Once touted as a replacement for Google Search, Perplexity AI has found itself in hot water for allegedly plagiarizing news articles without providing proper sourcing. In early June, the AI-powered generative search engine was threatened with legal action by Forbes for allegedly plagiarizing his work. Subsequently, an investigation by Cable It has been alleged that Perplexity AI could also freely copy online content from other major news sites.
Since then, several AI companies have come under scrutiny for allegedly circumventing paywalls and technical standards put in place by publishers to prevent their online content from being used to train AI models and generate summaries.
While Aravind Srinivas, CEO of Perplexity AI said a third-party service was to blame, the controversy surrounding the AI startup is the latest flashpoint between news publishers alleging their content is being copied without permission and AI companies arguing they should be allowed to do so.
How did it all start?
A graduate of IIT Madras, Aravind Srinivas has worked in leading technology companies such as GoogleDeepmind and OpenAI before launching Perplexity which sought to disrupt the way search results are presented to users, that is, by responding to user queries with personalized answers generated using AI.
Perplexity AI does this by “crawling the web, extracting relevant sources, using only the content from those sources to answer the question, and always telling the user where the answer comes from through citations or references,” Srinivas said.
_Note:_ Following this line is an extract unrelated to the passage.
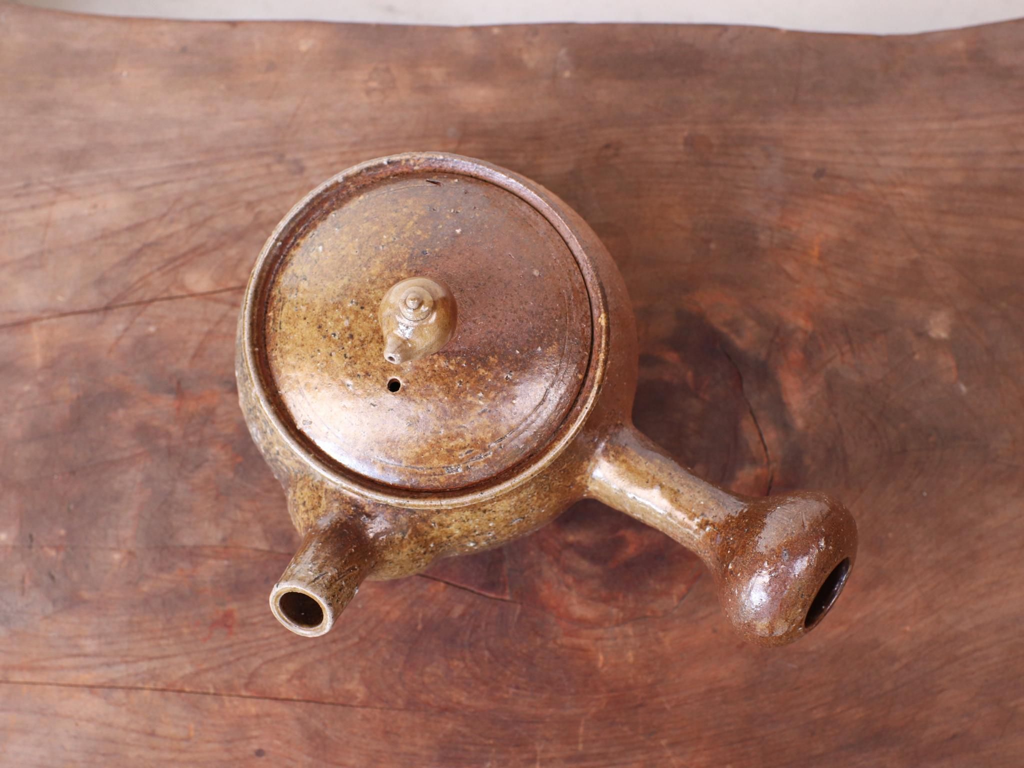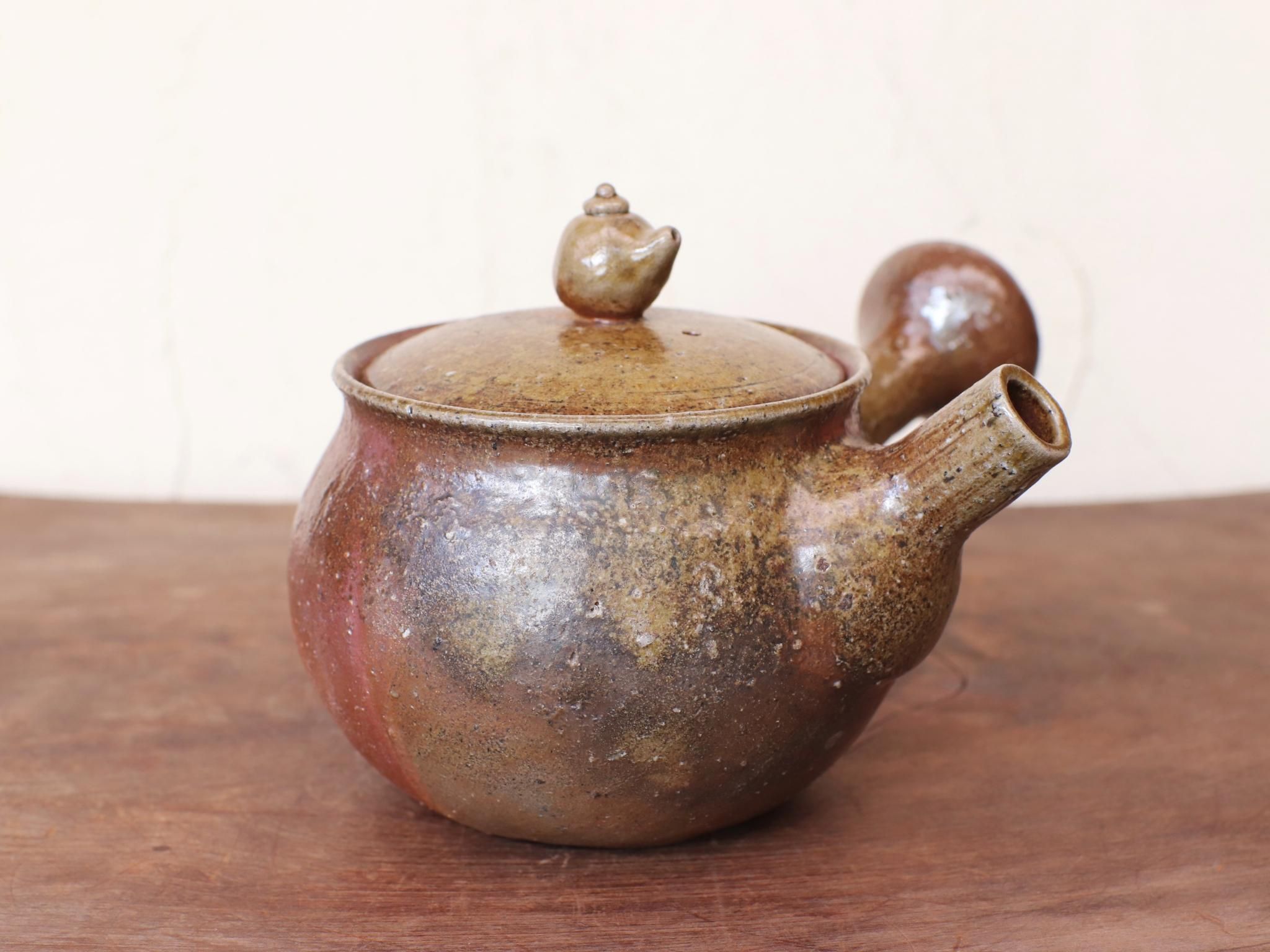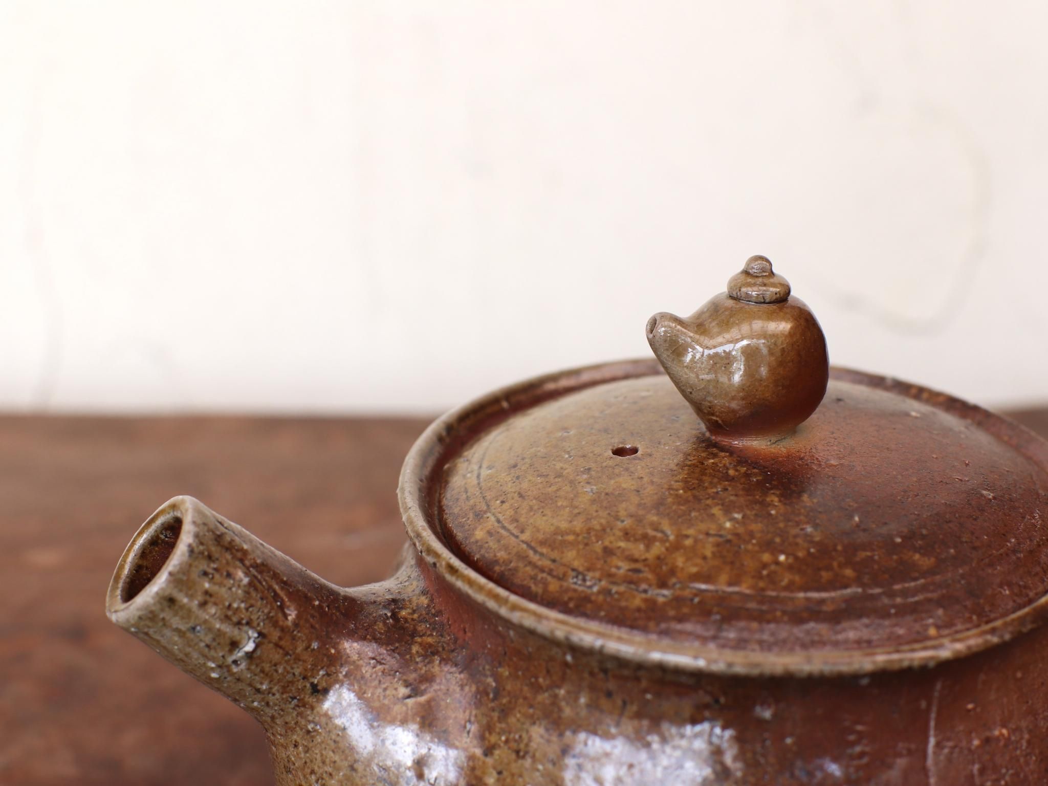 よく見ると蓋の上にチビ急須が乗っている遊び心くすぐるサンギリの急須で、土ものならではの温かい雰囲気が特徴です。

The Indian Express in an interview.
So Perplexity was seen as a small player taking on tech giants like Google and Microsoft in the search engine market. However, things took a different turn when it was launched a feature called “Pages” which allowed users to enter a prompt and receive a researched, AI-generated report that cited its sources and could be published as a web page to share with anyone.
A few days after its launch, the Perplexity team released an exclusive AI-generated “page” Forbes Perplexity’s article about former Google CEO Eric Schmidt’s involvement in a secret military drone project. The US-based publication claimed that the language used in its paid article and in Perplexity’s AI-generated summary was similar. It pointed out that the article’s graphics had also been copied and further alleged that Forbes had not been cited prominently enough.
Why is Perplexity receiving criticism from publishers?
In addition to allegedly plagiarizing articles and bypassing paywalls, Perplexity has also been accused of not adhering to accepted web standards such as robots.txt files.
According to cybersecurity company Cloudflare, “a robots.txt file contains instructions for robots that tell them which web pages they can and cannot access.”
The robots.txt file primarily applies to web crawlers used by Google to crawl the Internet and index content for displaying search results. The page administrator can leave specific controls so that web crawlers do not process data from restricted web pages or directories.
However, the robots.txt file is not legally binding, meaning it is not an effective defense against AI bots, as they can simply choose to ignore the instructions in the file. That is exactly what Perplexity did, according to CableConfirming the findings of a developer named Robb Knight, the technology news portal found that Perplexity AI was able to access its content and provide a summary of it despite the AI bot being prohibited from fetching its website.
But Perplexity isn’t alone in using questionable data scraping methods. Quora’s AI chatbot Poe goes beyond a summary and provides users with an HTML file of paid articles to download, according to a report by Cable. Additionally, content licensing startup Tollbit said that more AI agents are “choosing to bypass the robots.txt protocol to scrape content from sites.”
How can publishers block AI bots?
The emerging trend of AI bots that allegedly defy web standards and bypass paid sites raises an important question: What other steps can publishers take to prevent unauthorized scraping and use of their online content by AI bots?
Reddit said that in addition to updating its robot.txt file, it is also implementing a technique known as rate limiting, which essentially limits the number of times users can perform certain actions (like logging into a web portal) in a specified amount of time. While this solution can be used to filter AI traffic from legitimate traffic to websites, it is not foolproof.
There has also been an increase in the development of data poisoning tools like Nightshade and Kudurruthat claim to help artists prevent AI robots from ingesting their artwork by damaging their datasets in retaliation.